Data to examine.
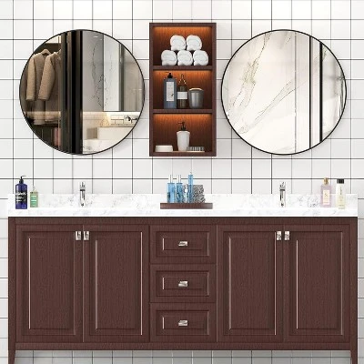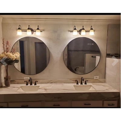 The modern shape and the deep inset of the glass surrounded by the matte black finish of the frame gives this mirror a soft, contemporary feel.Built with 1/4-inch thick top-grade glass and pure silver backing, provide you with a clear and flawless perfect mirror no matter when.With an outside frame diameter of 30 inches, this mirror making space appear larger and brighter, ideal for bathroom, entryway, living room, and more.Surrounding by the rust-proof metal round frame, while edges and backing well wrapped the mirror to ensure stability and durability.Come with matched screws, pre-install metal hook for hassle free installation.
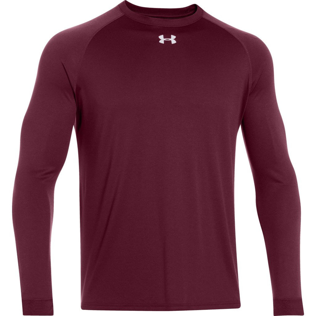 >It should be anti-odor, capable of handling a morning jog or an intense coaching session. It should also feature superior moisture transport, wicking away sweat so you don't have to deal with wetness all day long. The Under Armour Men's Maroon L/S Locker Tee fits the bill, providing comfort as well as strength, all packed up in a durable polyester fabrication that's as comfortable as it looks. Add your company logo to this piece and you'll be ready for any season. Embroidery is also available on this product, please inquire with a Merchologist.
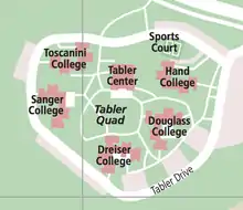 Tabler quad surrounds a meadow and is made up of 5 buildings: Douglass, Dreiser (24Q & SF), Hand (CO), Sanger and Toscanini. All buildings have a suite style floor plan composed of doubles. Residents in Tabler are part of the Undergraduate College of Arts, Culture and Humanities (ACH), placing a large emphasis on music and art and its relation to other disciplines. Additionally, Toscanni College houses the Stony Brook University honors college.[12]
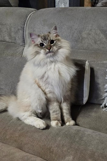 Kot rasy Ragdoll umaszczenie seal colorprint lynx RAG 0421 (długa biała sierść z szarym tygrysim pyszczkiem i przednimi łapkami, ogon ciemniejszy duże oczy) ma rok i 2 miesiące reaguje na imię Erin, często mruczy, wychowany z psami i kotem. Nie boi się innych zwierząt. Dość duży jak na swój wiek, ciekawski i towarzyski lubi towarzystwo ludzi, lubi chodzić przy nodze, mruczy jak tylko się go pogłaszcze. Lubi dużo "gadać" szczególnie głodny.
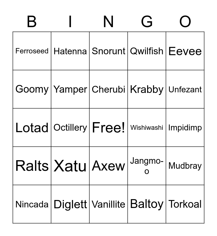 This bingo card has a free space and 26 words: Axew, Baltoy, Cherubi, Diglett, Eevee, Ferroseed, Goomy, Hatenna, Impidimp, Jangmo-o, Krabby, Lotad, Mudbray, Nincada, Octillery, Ponyta, Qwilfish, Ralts, Snorunt, Torkoal, Unfezant, Vanillite, Wishiwashi, Xatu, Yamper and Zigzagoon.
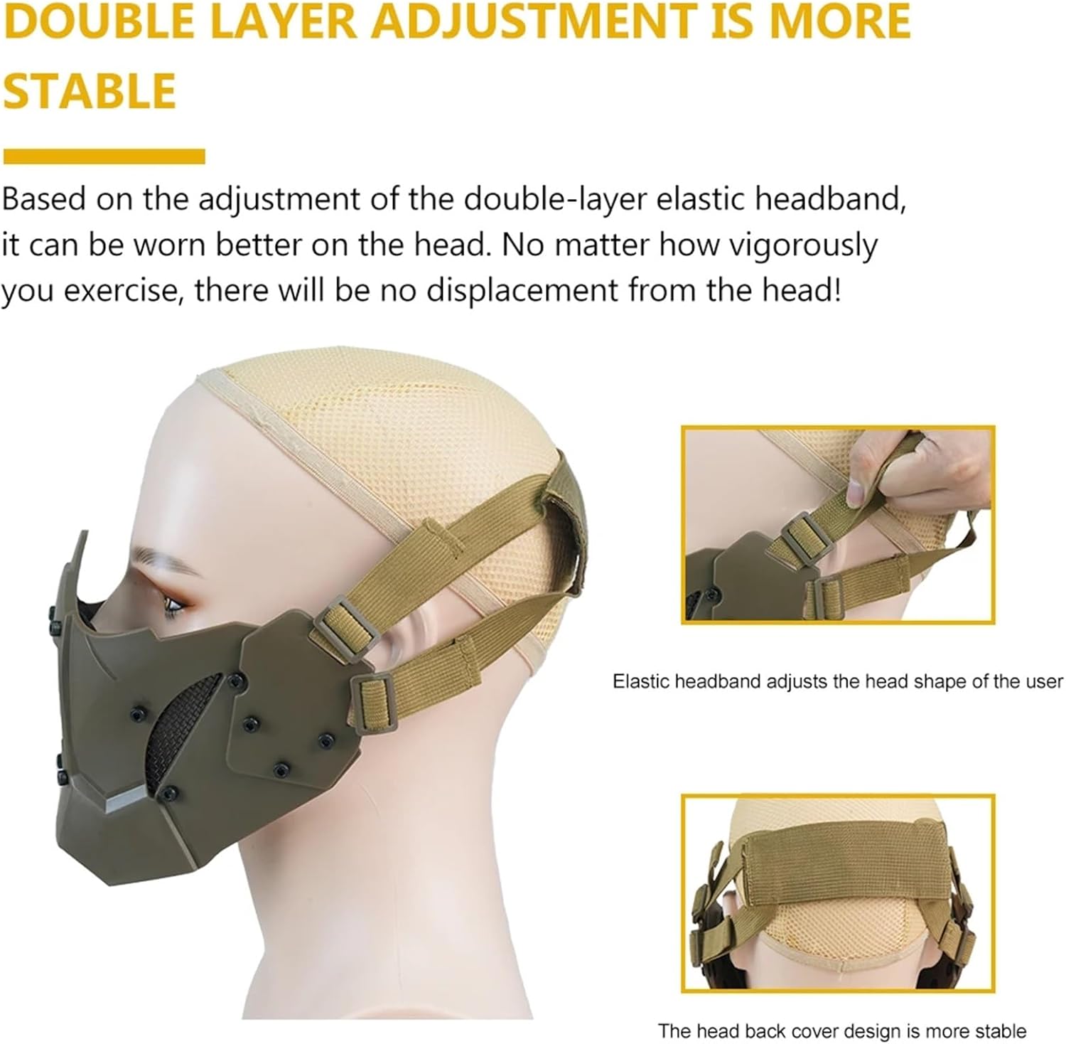 Applicable head circumference: 52.62CMCompatible with Fast helmets onlySide clip design for easy fixation and disengagement of masksMulti-universal: tactical air gun paintball, outdoor, dance, halloween, movie props, role-playing partiesMaterial: constructed from TPE (thermoplastic elastomer) and some steel meshFeatures: At least 700 fps impact resistance, comfortable filling, adjustable, lightweight, breathableCompatible with most eye protection goggles. The packaging includes side clips for mounting various quick helmets. Simply uninstall the belt and install the side clips and place the mask on the helmet rail.Product Pack: A Face MaskCOLOR:Mud color/Green/Black
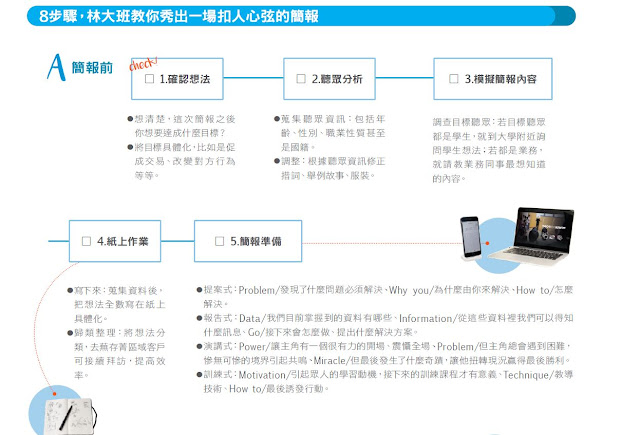 一提到簡報二字,很多人都會急著打開電腦裡的PowerPoint,急著把簡報畫面塞滿。林大班提醒,請先用人腦,再使用電腦。
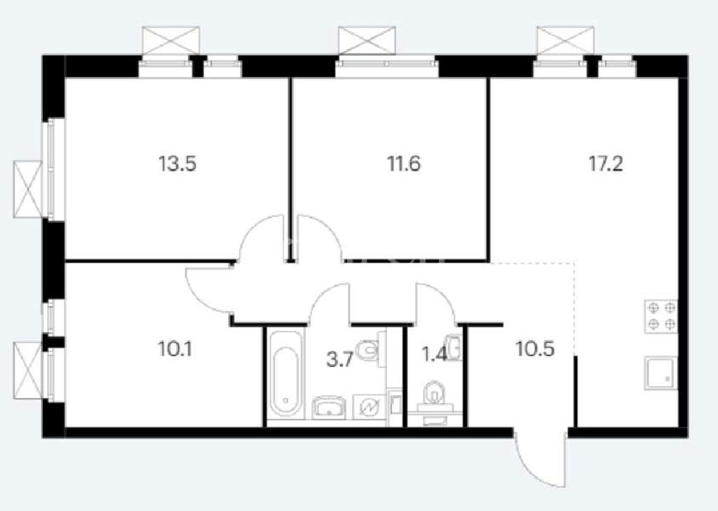 Просторная кухня-гостиная, три изолированные спальни, два санузла, с ванной и отдельный, много мест для хранения.
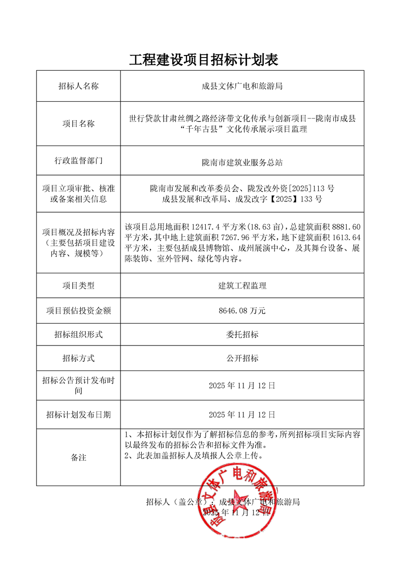 工程建设项目招标计划表世行贷款甘肃丝绸之路经济带文化传承与创新项目--陇南市成县“千年古县”文化传承展示项目监理.pdf
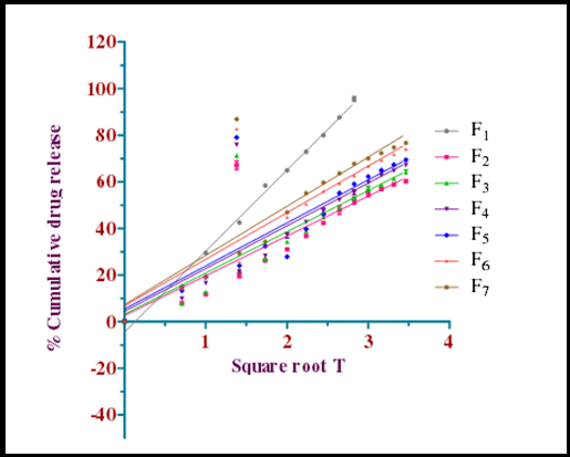 Fig. 9: Comparative in vitro release profile of moronic acid TDDS according to Higuchis plot
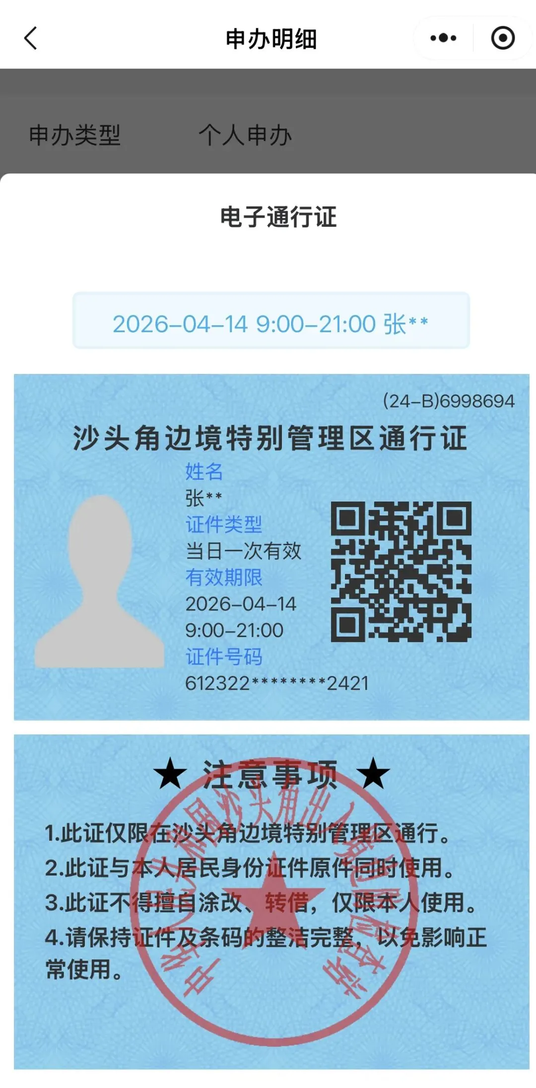 我们在“豆包”的帮助下,利用微信小程序搜索“沙角头边境特别管理区通行征预约”,然后点一下“中英街预约”,微信登陆后填写个人信息,提交申核,差不多三五分钟我们把线上通行证办理好了。
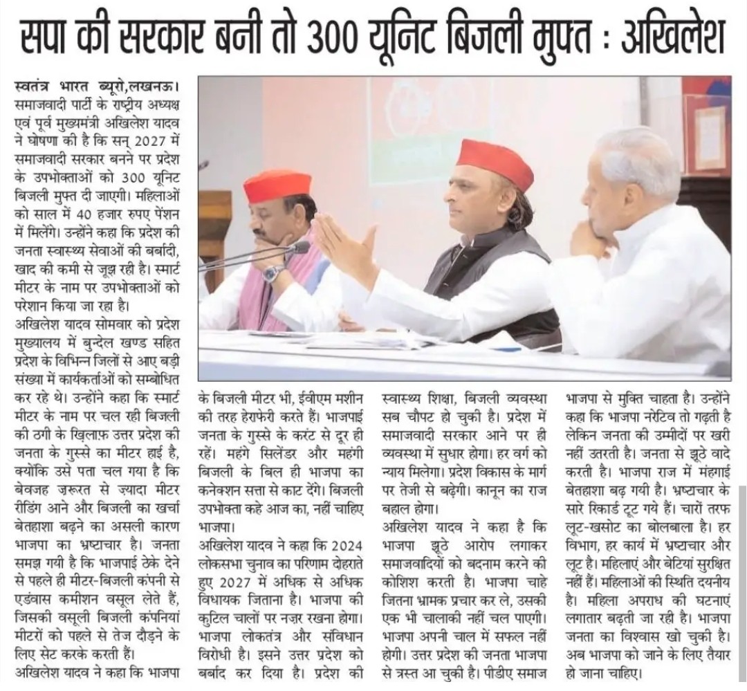 "सपा की सरकार बनी तो 300 यूनिट बिजली मुफ़्त दी जाएगी।" – माननीय राष्ट्रीय अध्यक्ष श्री अखिलेश यादव जी
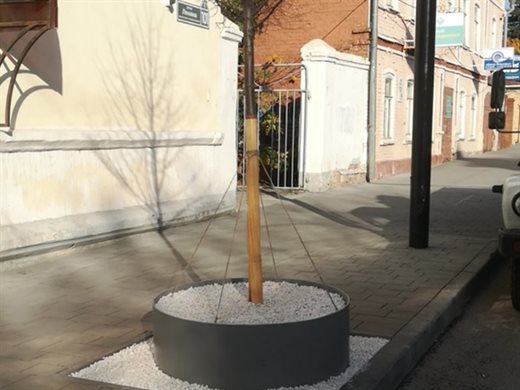 «В рамках реконструкции улицы Ленина применен новый формат высадки саженцев – в защищенные приствольные круги. Мы взяли нарезанную трубу диаметром 1200 миллиметров и шириной 40 сантиметров. Тем самым мы не допускаем попадания песко-соляной смеси на приствольный круг и защищаем дерево от механических повреждений при уборке тротуаров. Также мы обвязали стволы бамбуковыми ковриками, благодаря такой конструкции обеспечивается безболезненное нахождение деревьев на территории. Рано или поздно мы придём к тому, что на всех центральных улицах, где есть примыкание деревьев к дороге, будет применена подобная технология», – сообщил Геннадий Моргунов.
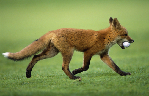 Dýr á golfvöllum: Rebbi leikur sér í golfi – Myndskeið
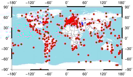 In this work, the GPS dual-frequency data provided by the IGS are used to investigate the effects of storms with different intensities on GPS PPP solutions (ftp://cddis.gsfc.nasa.gov/). There are about 500 continuous operation tracking stations distributed as shown in Figure 2. Besides, the global TEC maps with a time resolution of 5 min derived from the worldwide GNSS stations are used to analyze the ionospheric response to various geomagnetic storms. The TEC map data can be freely accessible from the CEDAR Madrigal database (http://cedar.openmadrigal.org/ftp/).
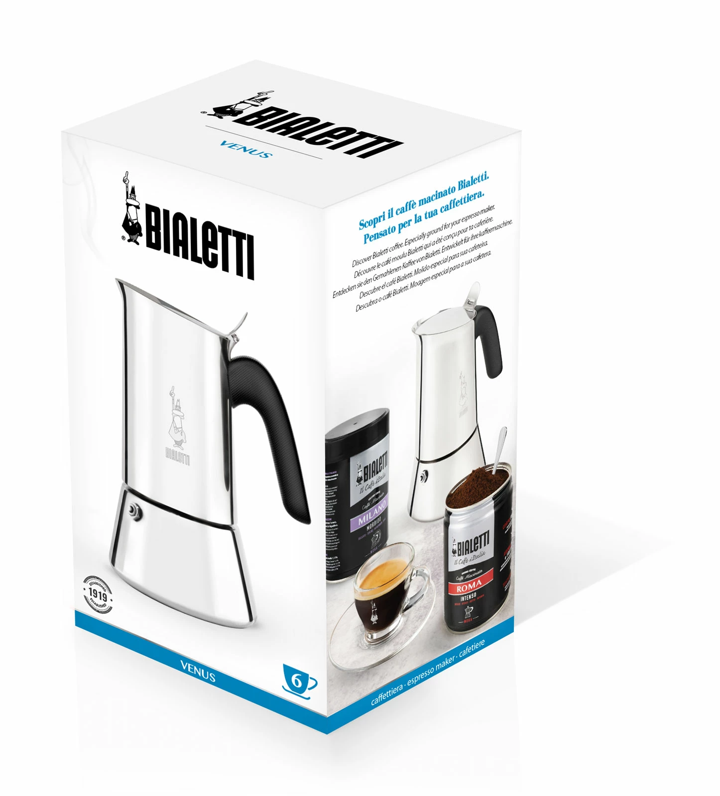 Was Alfonso Bialetti ab 1933 noch persönlich und regional an Marktständen verkaufte, brachte sein Sohn Renato Bialetti nach dem Weltkrieg im großen Stil patentiert auf den italienischen Markt und baute die weltweit größte Fabrik für Kaffeemaschinen auf. Die Zeichnung vom kleinen Mann mit dem Schnurrbart entstand in den 50er Jahren vom Animationszeichner und Filmproduzenten Paolo Campani und ab 1958 wurde es das Bialetti-Logo, heute mit Weltruhm. Die original Moka Express mit ihrem achteckigen Design ist noch immer eine unverändert italienische Ikone, zu Hause in Museen der Welt und so berühmt wie Vespa, Lamborghini und Sophia Loren.

What is expected. A precise copy of each record, with the images removed, should be output.

Answer to this task.
 The modern shape and the deep inset of the glass surrounded by the matte black finish of the frame gives this mirror a soft, contemporary feel.Built with 1/4-inch thick top-grade glass and pure silver backing, provide you with a clear and flawless perfect mirror no matter when.With an outside frame diameter of 30 inches, this mirror making space appear larger and brighter, ideal for bathroom, entryway, living room, and more.Surrounding by the rust-proof metal round frame, while edges and backing well wrapped the mirror to ensure stability and durability.Come with matched screws, pre-install metal hook for hassle free installation.
 >It should be anti-odor, capable of handling a morning jog or an intense coaching session. It should also feature superior moisture transport, wicking away sweat so you don't have to deal with wetness all day long. The Under Armour Men's Maroon L/S Locker Tee fits the bill, providing comfort as well as strength, all packed up in a durable polyester fabrication that's as comfortable as it looks. Add your company logo to this piece and you'll be ready for any season. Embroidery is also available on this product, please inquire with a Merchologist.
 Tabler quad surrounds a meadow and is made up of 5 buildings: Douglass, Dreiser (24Q & SF), Hand (CO), Sanger and Toscanini. All buildings have a suite style floor plan composed of doubles. Residents in Tabler are part of the Undergraduate College of Arts, Culture and Humanities (ACH), placing a large emphasis on music and art and its relation to other disciplines. Additionally, Toscanni College houses the Stony Brook University honors college.[12]
 Kot rasy Ragdoll umaszczenie seal colorprint lynx RAG 0421 (długa biała sierść z szarym tygrysim pyszczkiem i przednimi łapkami, ogon ciemniejszy duże oczy) ma rok i 2 miesiące reaguje na imię Erin, często mruczy, wychowany z psami i kotem. Nie boi się innych zwierząt. Dość duży jak na swój wiek, ciekawski i towarzyski lubi towarzystwo ludzi, lubi chodzić przy nodze, mruczy jak tylko się go pogłaszcze. Lubi dużo "gadać" szczególnie głodny.
 This bingo card has a free space and 26 words: Axew, Baltoy, Cherubi, Diglett, Eevee, Ferroseed, Goomy, Hatenna, Impidimp, Jangmo-o, Krabby, Lotad, Mudbray, Nincada, Octillery, Ponyta, Qwilfish, Ralts, Snorunt, Torkoal, Unfezant, Vanillite, Wishiwashi, Xatu, Yamper and Zigzagoon.
 Applicable head circumference: 52.62CMCompatible with Fast helmets onlySide clip design for easy fixation and disengagement of masksMulti-universal: tactical air gun paintball, outdoor, dance, halloween, movie props, role-playing partiesMaterial: constructed from TPE (thermoplastic elastomer) and some steel meshFeatures: At least 700 fps impact resistance, comfortable filling, adjustable, lightweight, breathableCompatible with most eye protection goggles. The packaging includes side clips for mounting various quick helmets. Simply uninstall the belt and install the side clips and place the mask on the helmet rail.Product Pack: A Face MaskCOLOR:Mud color/Green/Black
 一提到簡報二字,很多人都會急著打開電腦裡的PowerPoint,急著把簡報畫面塞滿。林大班提醒,請先用人腦,再使用電腦。
 Просторная кухня-гостиная, три изолированные спальни, два санузла, с ванной и отдельный, много мест для хранения.
 工程建设项目招标计划表世行贷款甘肃丝绸之路经济带文化传承与创新项目--陇南市成县“千年古县”文化传承展示项目监理.pdf
 Fig. 9: Comparative in vitro release profile of moronic acid TDDS according to Higuchis plot
 我们在“豆包”的帮助下,利用微信小程序搜索“沙角头边境特别管理区通行征预约”,然后点一下“中英街预约”,微信登陆后填写个人信息,提交申核,差不多三五分钟我们把线上通行证办理好了。
 "सपा की सरकार बनी तो 300 यूनिट बिजली मुफ़्त दी जाएगी।" – माननीय राष्ट्रीय अध्यक्ष श्री अखिलेश यादव जी
 «В рамках реконструкции улицы Ленина применен новый формат высадки саженцев – в защищенные приствольные круги. Мы взяли нарезанную трубу диаметром 1200 миллиметров и шириной 40 сантиметров. Тем самым мы не допускаем попадания песко-соляной смеси на приствольный круг и защищаем дерево от механических повреждений при уборке тротуаров. Также мы обвязали стволы бамбуковыми ковриками, благодаря такой конструкции обеспечивается безболезненное нахождение деревьев на территории. Рано или поздно мы придём к тому, что на всех центральных улицах, где есть примыкание деревьев к дороге, будет применена подобная технология», – сообщил Геннадий Моргунов.
 Dýr á golfvöllum: Rebbi leikur sér í golfi – Myndskeið
 In this work, the GPS dual-frequency data provided by the IGS are used to investigate the effects of storms with different intensities on GPS PPP solutions (ftp://cddis.gsfc.nasa.gov/). There are about 500 continuous operation tracking stations distributed as shown in Figure 2. Besides, the global TEC maps with a time resolution of 5 min derived from the worldwide GNSS stations are used to analyze the ionospheric response to various geomagnetic storms. The TEC map data can be freely accessible from the CEDAR Madrigal database (http://cedar.openmadrigal.org/ftp/).
 Was Alfonso Bialetti ab 1933 noch persönlich und regional an Marktständen verkaufte, brachte sein Sohn Renato Bialetti nach dem Weltkrieg im großen Stil patentiert auf den italienischen Markt und baute die weltweit größte Fabrik für Kaffeemaschinen auf. Die Zeichnung vom kleinen Mann mit dem Schnurrbart entstand in den 50er Jahren vom Animationszeichner und Filmproduzenten Paolo Campani und ab 1958 wurde es das Bialetti-Logo, heute mit Weltruhm. Die original Moka Express mit ihrem achteckigen Design ist noch immer eine unverändert italienische Ikone, zu Hause in Museen der Welt und so berühmt wie Vespa, Lamborghini und Sophia Loren.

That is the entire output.